In less than three weeks you will be asked to make a stark choice. You can choose the GOP's same old Washington "backroom insider games" -- ewwwwww -- or choose a fresh start with a new team dedicated to rooting out and exposing the Republicans' culture of man-love. ... With your support, our team will make sure that you will no longer be at risk from tax cuts tainted with gay Republican AIDS cooties, and that your children trapped in the military will no longer be taking orders from the Butt-Commando-in-Chief.
But if, for whatever reason, you can't vote for us, why not stay at home and sit this one out? Let's face it, polls prove the GOP is doomed, and your traditional mindless loyalty to them has brought you nothing but heartache, disappointment, and a legislature full of sodomist and negros. The GOP came into power promising you a return to traditional values; instead, they were a Trojan Horse full of purse-swinging black Greek sailors who have turned Washington into Sodom on the Potomac, and Capitol Hill into the Love Shack on Brokeback Mountain.

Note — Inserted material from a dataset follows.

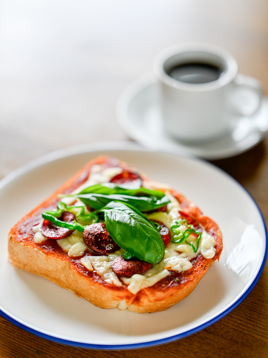 こないだは昭和のピザトーストだったけど今日は平成のピザトーストw バジルの葉とオリーブオイルが乗っただけwww

While you're thinking it over, remember to register for the DNC's nationwide all-day Bible Study church lock-in on Tuesday November 7. Free chewing tabacky for the first 10 million enrollees!
1 comment:
"The intolerance of the social conservatives" is a myth.
Dead-on.
Rather, we find that extremists from either side are "intolerant." And aggressively so.
But that's Extremism, not "conservatism" nor "being homosexual."